If you follow my work, you know I love to make, and publish, videos on YouTube. I had just released my video about the ZUGU case for the iPad. I went to check my YouTube analytics to see how everyone liked the video. The analytics looked great. I was very excited and then…I was logged out—for no reason.
I couldn’t log back into my YouTube account. Worse, I couldn’t log in to my Gmail or GDrive either. Even social media was down. I thought I had been hacked.
Frantically, I started researching (ironically via google.com) for “Google Server Down?“. It appeared I wasn’t the only person asking this question, as many were finding they couldn’t log into their Google-related accounts either.

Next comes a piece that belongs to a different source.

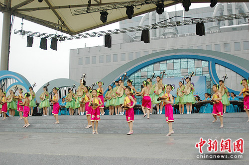 中新網(wǎng)上海6月27日電(趙龍)行云流水的古箏、歡快奔放的二胡、委婉鏗鏘的琵琶……今日伴著淅淅瀝瀝的雨聲,百余名蘇州少年帶來的“琴瑟滄浪”民樂演奏音樂會,在世博園全球城市廣場奏響,讓中外觀眾領(lǐng)略了一把中國傳統(tǒng)民樂的魅力。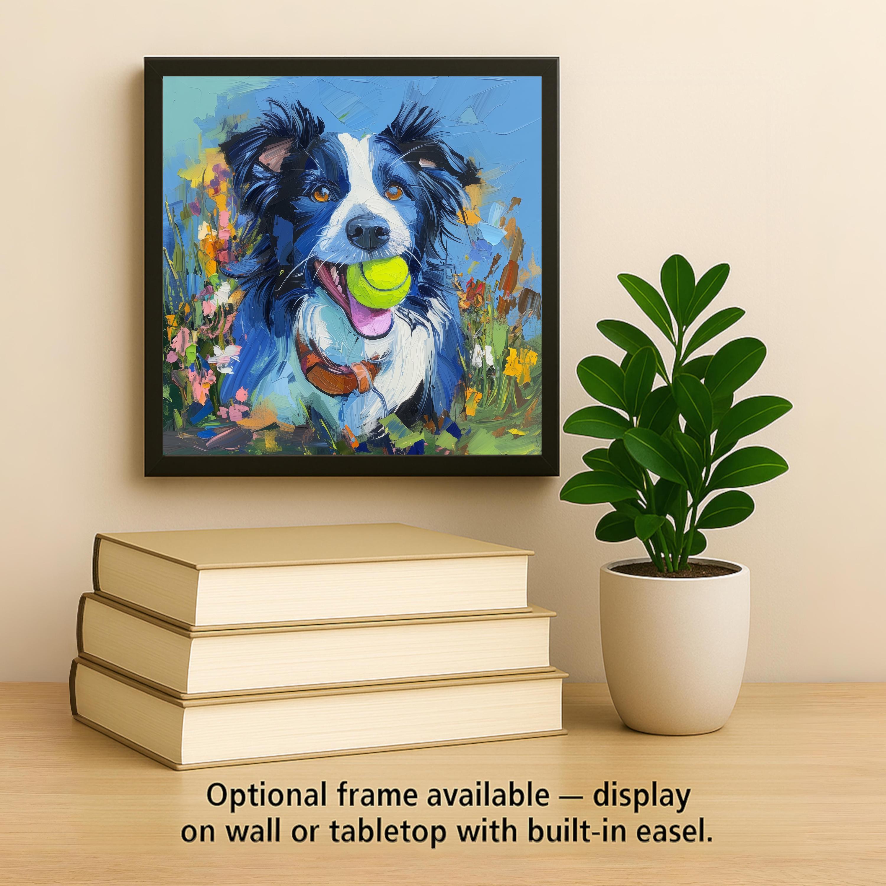 Bring home the unstoppable spirit of a border collie with this Playful Dog Portrait Ceramic Tile, showcasing a black-and-white collie beaming with a bright yellow tennis ball. Surrounded by wildflowers and painterly color splashes, this energetic piece captures the loyalty, drive, and joy that defines this remarkable breed.

I felt helpless. With Google down, there wasn’t anything I could do. I was cut off from the world and all the 22000+ Subscribers I love to interact with on YouTube.
All I could do was wait.
It was June 2, 2019. Google discovered “an issue” that affected the Google Cloud Platform. Unusually high congestion was causing problems across multiple platforms.
It took engineers several hours to resolve the issue. (Google later stated that the service disruption was caused by a configuration change that was incorrectly applied to more regions than it was meant to be applied to. This caused those regions to stop using more than half of their available network capacity, resulting in congestion.)

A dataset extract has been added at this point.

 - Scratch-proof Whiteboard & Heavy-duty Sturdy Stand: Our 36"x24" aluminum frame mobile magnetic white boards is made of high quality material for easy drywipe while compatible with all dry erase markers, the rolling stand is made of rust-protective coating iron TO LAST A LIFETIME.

This made me think about how dependent everyone is on Cloud Services.
Cloud Services are indispensable in today’s online world. Cloud platforms make starting and running an online business more accessible. This has led to large increase in the variety of companies that use Google Cloud, and other public cloud services like Amazon Web Services, Oracle, and Microsoft Azure.
Google’s Cloud Platform is a group of cloud computing services and management tools that include computing, data storage, data analytics, and machine learning. This infrastructure requires a lot of hardware, software, fiber optic cables, engineers, IT staff, etc. in locations spread across the globe.
While some companies use their own private cloud, or data center, to run their business, many are migrating to Google’s public cloud platform. This reduces cost, reduces labor, and increases load speed and security in many cases.
This also means that many of these companies are dependent on one service for their ability to conduct business.
Many of the services we rely on daily, depend on Google’s Cloud Platform to stay up and running. Google uses its own cloud platform to host all of its G Suite apps, including Gmail, Nest, and other Google-related sites such as YouTube. These were all affected by the network congestion on June 2nd.
There are a host of companies not owned by Google that also use the Google Cloud Platform.
Some of the companies currently using the Google Cloud Platform include Shopify, Snapchat, Discord, Vimeo, Ubisoft, Home Depot, Spotify, HSBC, Best Buy, Philips, Coca Cola, HTC, Domino’s, Sony Music, ShareThis, and Feedly. (Users of Shopify, Snapchat, Discord, and Vimeo reported being affected by the June 2nd Google network congestion.)
What can cause a Cloud Platform Outage?
In September of 2018, Microsoft’s Azure had a partial shutdown caused by severe weather. Lightning strikes lead to a power outage at one of Azure’s data centers, causing it to overheat.
It took engineers several days to get everything back up and running.
A cloud platform is a complicated and dynamic system. When one part malfunctions there are backups in place to prevent a shutdown. But when more than one factor contributes to the problem it can have a cascading effect on the rest of the system.
As seen in the lightning-related Microsoft Azure incident, these malfunctions can come from many places:
- Hardware failure
- Updating and integrating software
- Power failures
- Not enough capacity or increasing capacity demands
- Human error
- Security flaws
- Natural disaster
A Cloud Service interruption could severely affect companies that heavily rely on cloud access.
Loss of cloud access can be irritating for the average internet user, but for a company that depends on cloud platforms for daily operation, it can be a disaster. With services ranging from computing, data storage, and even payment processing, a loss of cloud platform use would result in immediate financial cost and lost productivity.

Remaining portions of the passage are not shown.